> What you need to do
Only the lines in the entries below from the line with "Черная норковая кофта" to the line with "KAPITAL cardigan in", both included, belong in the answer, transcribed exactly and without pictures.

> Given data
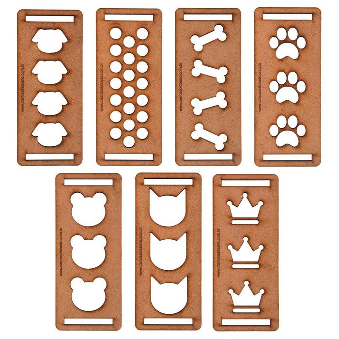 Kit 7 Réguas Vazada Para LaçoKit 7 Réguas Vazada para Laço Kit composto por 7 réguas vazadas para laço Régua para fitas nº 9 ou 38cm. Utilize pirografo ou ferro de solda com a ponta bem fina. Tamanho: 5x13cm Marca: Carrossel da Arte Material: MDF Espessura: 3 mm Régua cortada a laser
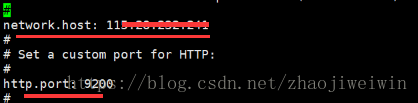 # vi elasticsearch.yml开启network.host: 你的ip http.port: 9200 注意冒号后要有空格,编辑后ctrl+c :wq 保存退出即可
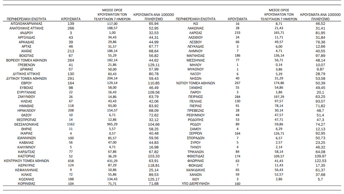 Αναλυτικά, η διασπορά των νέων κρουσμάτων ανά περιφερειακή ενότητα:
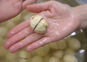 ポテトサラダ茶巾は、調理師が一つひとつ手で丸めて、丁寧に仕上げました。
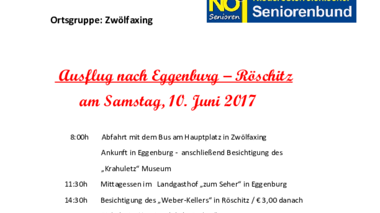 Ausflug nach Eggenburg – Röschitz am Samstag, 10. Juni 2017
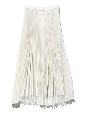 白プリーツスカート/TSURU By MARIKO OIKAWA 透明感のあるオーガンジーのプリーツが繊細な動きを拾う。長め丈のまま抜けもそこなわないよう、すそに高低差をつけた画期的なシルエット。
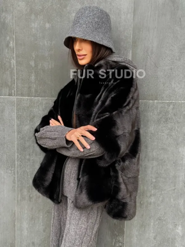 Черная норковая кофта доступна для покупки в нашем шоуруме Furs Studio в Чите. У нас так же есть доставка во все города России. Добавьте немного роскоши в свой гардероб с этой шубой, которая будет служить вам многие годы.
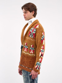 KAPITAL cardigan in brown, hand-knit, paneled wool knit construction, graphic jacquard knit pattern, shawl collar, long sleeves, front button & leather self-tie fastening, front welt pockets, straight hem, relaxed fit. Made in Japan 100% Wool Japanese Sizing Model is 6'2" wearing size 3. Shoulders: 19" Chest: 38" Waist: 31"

* * *

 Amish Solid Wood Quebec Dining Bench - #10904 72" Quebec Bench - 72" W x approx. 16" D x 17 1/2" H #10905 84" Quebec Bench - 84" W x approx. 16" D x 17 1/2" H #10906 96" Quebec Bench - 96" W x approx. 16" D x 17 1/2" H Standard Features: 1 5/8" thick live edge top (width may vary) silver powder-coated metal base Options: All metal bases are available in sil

---

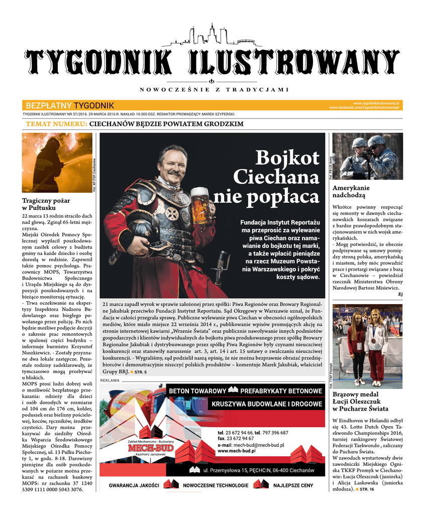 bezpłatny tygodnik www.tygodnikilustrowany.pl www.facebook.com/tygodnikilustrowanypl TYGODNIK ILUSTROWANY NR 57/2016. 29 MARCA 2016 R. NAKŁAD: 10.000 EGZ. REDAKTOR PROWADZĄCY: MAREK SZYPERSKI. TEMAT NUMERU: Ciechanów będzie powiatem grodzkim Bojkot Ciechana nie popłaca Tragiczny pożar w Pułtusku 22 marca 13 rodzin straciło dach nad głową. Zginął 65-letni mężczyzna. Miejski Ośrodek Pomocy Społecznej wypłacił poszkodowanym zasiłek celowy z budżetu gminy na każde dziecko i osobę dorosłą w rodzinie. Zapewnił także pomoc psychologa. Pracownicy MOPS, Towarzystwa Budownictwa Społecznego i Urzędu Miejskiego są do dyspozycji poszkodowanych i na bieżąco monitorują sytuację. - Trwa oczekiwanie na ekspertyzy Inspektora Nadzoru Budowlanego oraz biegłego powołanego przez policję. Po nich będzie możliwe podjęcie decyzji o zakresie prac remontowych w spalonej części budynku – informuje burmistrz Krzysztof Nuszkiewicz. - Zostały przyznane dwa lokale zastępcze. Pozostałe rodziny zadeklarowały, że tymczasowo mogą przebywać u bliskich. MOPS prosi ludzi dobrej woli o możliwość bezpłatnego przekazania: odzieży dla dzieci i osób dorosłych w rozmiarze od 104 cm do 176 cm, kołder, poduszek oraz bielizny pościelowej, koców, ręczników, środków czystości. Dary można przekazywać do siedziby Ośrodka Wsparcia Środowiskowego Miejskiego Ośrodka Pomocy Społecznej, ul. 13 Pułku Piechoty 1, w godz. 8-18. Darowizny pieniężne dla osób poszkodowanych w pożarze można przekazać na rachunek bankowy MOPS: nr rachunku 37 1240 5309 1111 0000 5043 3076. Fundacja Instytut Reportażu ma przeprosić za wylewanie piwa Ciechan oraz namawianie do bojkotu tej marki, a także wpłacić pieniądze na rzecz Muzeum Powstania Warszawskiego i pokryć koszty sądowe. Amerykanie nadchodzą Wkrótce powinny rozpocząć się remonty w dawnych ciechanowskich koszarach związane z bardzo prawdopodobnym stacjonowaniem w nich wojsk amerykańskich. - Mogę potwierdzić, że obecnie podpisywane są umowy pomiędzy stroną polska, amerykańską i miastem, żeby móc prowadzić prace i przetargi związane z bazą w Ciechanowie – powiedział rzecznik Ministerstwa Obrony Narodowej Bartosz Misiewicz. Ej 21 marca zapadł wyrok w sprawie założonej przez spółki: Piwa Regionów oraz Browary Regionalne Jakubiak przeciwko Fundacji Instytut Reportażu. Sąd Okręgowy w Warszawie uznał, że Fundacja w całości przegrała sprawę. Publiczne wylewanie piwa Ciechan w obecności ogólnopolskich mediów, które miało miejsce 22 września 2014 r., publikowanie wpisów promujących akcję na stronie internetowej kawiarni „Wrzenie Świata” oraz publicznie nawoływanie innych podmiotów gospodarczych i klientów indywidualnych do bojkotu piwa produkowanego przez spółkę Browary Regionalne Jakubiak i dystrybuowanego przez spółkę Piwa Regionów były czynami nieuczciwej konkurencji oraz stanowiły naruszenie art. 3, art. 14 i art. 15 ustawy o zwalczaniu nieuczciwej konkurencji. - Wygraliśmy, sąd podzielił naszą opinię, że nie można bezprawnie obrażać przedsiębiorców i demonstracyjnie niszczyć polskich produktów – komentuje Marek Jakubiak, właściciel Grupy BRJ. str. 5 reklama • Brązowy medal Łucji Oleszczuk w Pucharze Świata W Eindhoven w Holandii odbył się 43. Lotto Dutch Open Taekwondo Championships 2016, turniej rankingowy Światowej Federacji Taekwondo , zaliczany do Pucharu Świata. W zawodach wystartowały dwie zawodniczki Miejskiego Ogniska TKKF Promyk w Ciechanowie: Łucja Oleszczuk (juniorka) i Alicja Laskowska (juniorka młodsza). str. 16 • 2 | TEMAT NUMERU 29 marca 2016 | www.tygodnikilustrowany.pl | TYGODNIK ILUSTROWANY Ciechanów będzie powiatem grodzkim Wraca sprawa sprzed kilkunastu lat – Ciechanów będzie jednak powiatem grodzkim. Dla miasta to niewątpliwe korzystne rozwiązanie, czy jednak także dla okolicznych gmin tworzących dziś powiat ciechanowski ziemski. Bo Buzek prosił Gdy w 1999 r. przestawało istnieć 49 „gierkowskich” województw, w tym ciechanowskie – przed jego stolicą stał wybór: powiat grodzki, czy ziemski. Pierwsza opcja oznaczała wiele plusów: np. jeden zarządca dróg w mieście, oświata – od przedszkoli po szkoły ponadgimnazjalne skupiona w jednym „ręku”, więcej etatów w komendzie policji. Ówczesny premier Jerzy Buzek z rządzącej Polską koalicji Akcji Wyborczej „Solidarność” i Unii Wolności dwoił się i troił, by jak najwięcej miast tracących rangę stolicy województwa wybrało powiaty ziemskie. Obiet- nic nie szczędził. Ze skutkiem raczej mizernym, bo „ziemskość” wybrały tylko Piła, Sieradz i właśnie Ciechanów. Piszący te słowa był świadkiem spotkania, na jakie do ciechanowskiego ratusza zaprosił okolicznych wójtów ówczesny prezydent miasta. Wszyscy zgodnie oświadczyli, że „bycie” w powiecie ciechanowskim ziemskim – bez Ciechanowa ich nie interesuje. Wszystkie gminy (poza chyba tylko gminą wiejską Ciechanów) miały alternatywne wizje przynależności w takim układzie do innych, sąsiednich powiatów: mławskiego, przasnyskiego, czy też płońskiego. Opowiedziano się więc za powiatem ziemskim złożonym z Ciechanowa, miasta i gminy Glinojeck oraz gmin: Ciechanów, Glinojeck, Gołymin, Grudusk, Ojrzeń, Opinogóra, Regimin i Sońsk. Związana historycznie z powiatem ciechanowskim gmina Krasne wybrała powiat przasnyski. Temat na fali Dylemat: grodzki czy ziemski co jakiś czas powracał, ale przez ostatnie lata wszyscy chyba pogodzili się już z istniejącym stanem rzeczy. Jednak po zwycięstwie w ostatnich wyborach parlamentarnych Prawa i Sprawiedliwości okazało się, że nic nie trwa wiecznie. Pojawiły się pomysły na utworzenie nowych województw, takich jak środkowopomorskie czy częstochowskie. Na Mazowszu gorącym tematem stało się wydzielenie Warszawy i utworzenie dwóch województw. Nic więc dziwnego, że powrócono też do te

> Exercise result
 Черная норковая кофта доступна для покупки в нашем шоуруме Furs Studio в Чите. У нас так же есть доставка во все города России. Добавьте немного роскоши в свой гардероб с этой шубой, которая будет служить вам многие годы.
 KAPITAL cardigan in brown, hand-knit, paneled wool knit construction, graphic jacquard knit pattern, shawl collar, long sleeves, front button & leather self-tie fastening, front welt pockets, straight hem, relaxed fit. Made in Japan 100% Wool Japanese Sizing Model is 6'2" wearing size 3. Shoulders: 19" Chest: 38" Waist: 31"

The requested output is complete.